* Input data *
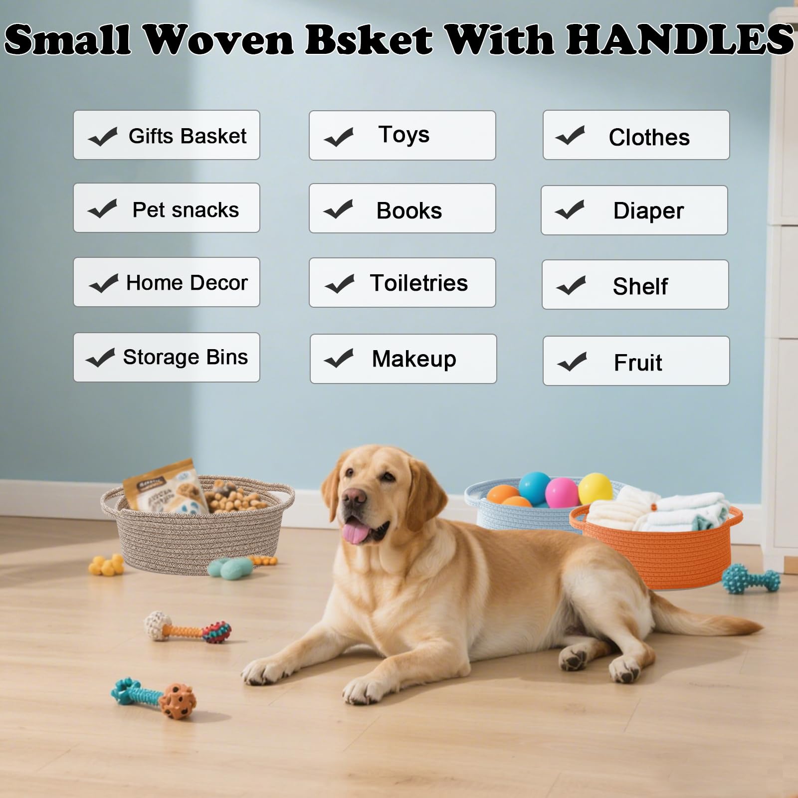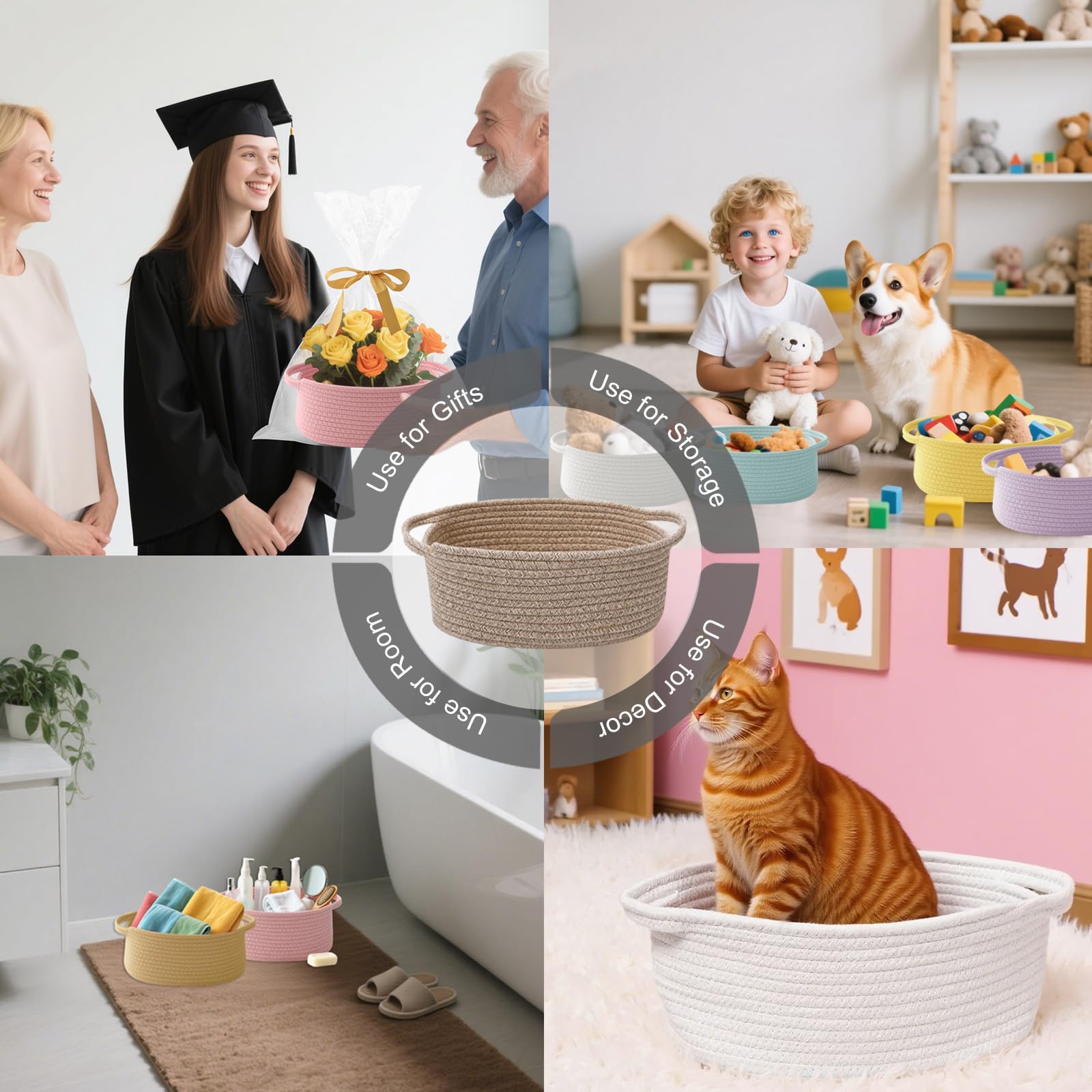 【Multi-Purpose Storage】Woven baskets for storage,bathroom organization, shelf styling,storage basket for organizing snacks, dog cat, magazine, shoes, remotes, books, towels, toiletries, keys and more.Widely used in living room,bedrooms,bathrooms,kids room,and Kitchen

...

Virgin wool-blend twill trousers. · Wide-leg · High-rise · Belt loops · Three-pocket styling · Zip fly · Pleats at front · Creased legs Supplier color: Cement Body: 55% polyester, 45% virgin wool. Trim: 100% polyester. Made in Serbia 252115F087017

==

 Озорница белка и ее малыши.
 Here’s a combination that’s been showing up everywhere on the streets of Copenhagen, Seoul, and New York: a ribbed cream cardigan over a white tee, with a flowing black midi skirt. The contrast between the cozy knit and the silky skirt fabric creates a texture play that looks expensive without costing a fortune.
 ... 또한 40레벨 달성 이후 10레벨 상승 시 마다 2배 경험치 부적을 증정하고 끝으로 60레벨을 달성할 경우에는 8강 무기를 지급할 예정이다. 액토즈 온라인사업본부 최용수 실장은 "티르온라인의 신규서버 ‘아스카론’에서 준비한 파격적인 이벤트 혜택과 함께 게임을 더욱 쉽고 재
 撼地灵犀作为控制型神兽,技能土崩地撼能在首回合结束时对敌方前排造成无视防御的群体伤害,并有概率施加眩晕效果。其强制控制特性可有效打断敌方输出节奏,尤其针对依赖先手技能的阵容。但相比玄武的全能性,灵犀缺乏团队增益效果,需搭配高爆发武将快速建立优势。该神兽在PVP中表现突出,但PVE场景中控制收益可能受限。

* Task statement *
In the listing above, start at the line with "Озорница белка и ее малыши.", go on through the line with "Here’s a combination", and copy each of those lines exactly; leave out all the rest.

* Task response *
 Озорница белка и ее малыши.
 Here’s a combination that’s been showing up everywhere on the streets of Copenhagen, Seoul, and New York: a ribbed cream cardigan over a white tee, with a flowing black midi skirt. The contrast between the cozy knit and the silky skirt fabric creates a texture play that looks expensive without costing a fortune.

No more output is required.